Through a series of assignments, OneWest Bank obtained a secured interest in the reverse mortgage. After McKee died and Erickson failed to make any payments under a repayment arrangement, OneWest Bank instituted foreclosure proceedings regarding the Washington property. Challenging the bank’s foreclosure, Erickson claimed that the reverse mortgage was void because she was the actual owner of the property and the Idaho court lacked jurisdiction to affect the Washington property.


Rejecting Erickson’s argument, the Supreme Court of Washington ruled that the Idaho court-ordered reverse mortgage, which encumbered the Washington property, was due “full faith and credit” under the U.S. Constitution. In determining that the Idaho court validly exercised personal and subject matter jurisdiction by directing the conservator to set up the reverse mortgage on the Washington property, the court reasoned that: (i) there was enough evidence to show that McKee had sufficient contacts with Idaho; (ii) Erickson had the opportunity to challenge that determination in Idaho; and (iii) the Idaho court did not directly transfer any title to the Washington property, but only indirectly determined “personal interests in the Washington property.”

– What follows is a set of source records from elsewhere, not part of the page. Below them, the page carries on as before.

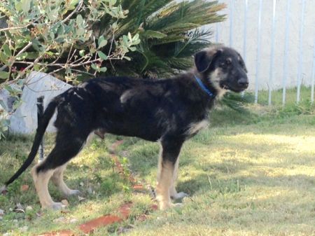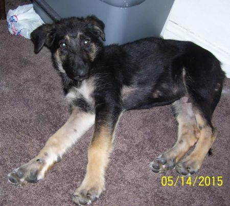 Angus is a male GSD mix (maybe Irish Wolf Hound?) puppy who is approximately 4 months old. It's no surprise this guy was found wandering a playground because he loves kids and cuddling. Angus is cat and dog friendly and is learning quickly about house and leash manners. Although playful and full of curiosity, Angus is quite satisfied just being close to his people and taking a nap.
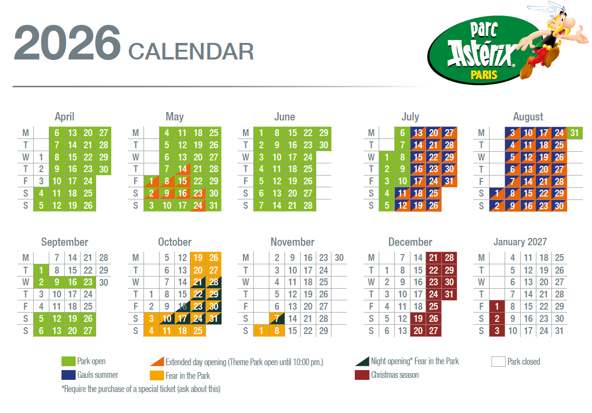- By car: 35km north of Paris (Porte de la Chapelle) on the A1 motorway towards Lille, take the direct exit for Parc Astérix between exits 7 and 8. Car park price: € 20, to be paid on site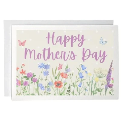 Flower butterfly landscape Mother's Day design. Premium quality, printed on 350GSM linen card. Card size: 210mm x 148mm. Cards are left blank in the middle and come with an envelope. Cards are fully recyclable. Search for Second Ave Gift Company to see our full range of gift ideas.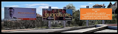 Um esclarecimento: A fotografia que publico, feita na Rotunda da Ti´Jaquina, tem dois cartazes reais, o de Rangel e o da Guarda-me. o terceiro, cor de laranja, é uma invenção minha, com frases retiradas do sítio oficial do PSD para apresentarem Álvaro Amaro A Oliveira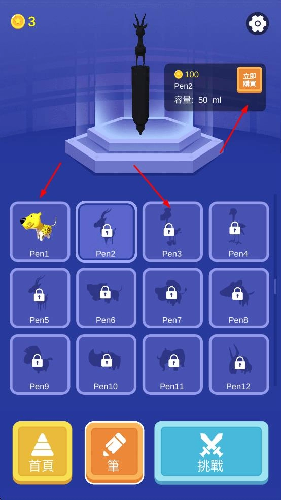 3、进入笔的界面后,消耗金币解锁Pen2这类新笔,以此提升道具能力,为后续挑战提供助力。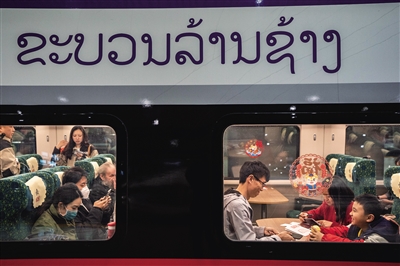 2月14日,游客在云南昆明南站乘坐中老铁路国际旅客列车准备前往老挝旅游。

Next, the court decided that, under Washington law governing the recording and priority of real property interests, Erickson took title to the Washington property “subject to” OneWest Bank’s interest in the reverse mortgage. Even though Erickson obtained her interest in the property before OneWest Bank’s predecessor did, the bank’s predecessor recorded its interest first, the court emphasized. Further, the court determined that Erickson failed to show that the bank’s predecessor had actual or constructive notice of her interest in the Washington property.

Concluding that OneWest Bank was a “bona fide mortgagee” whose interest took priority over Erickson’s interest, the court ruled that the bank was entitled to foreclose on the Washington property.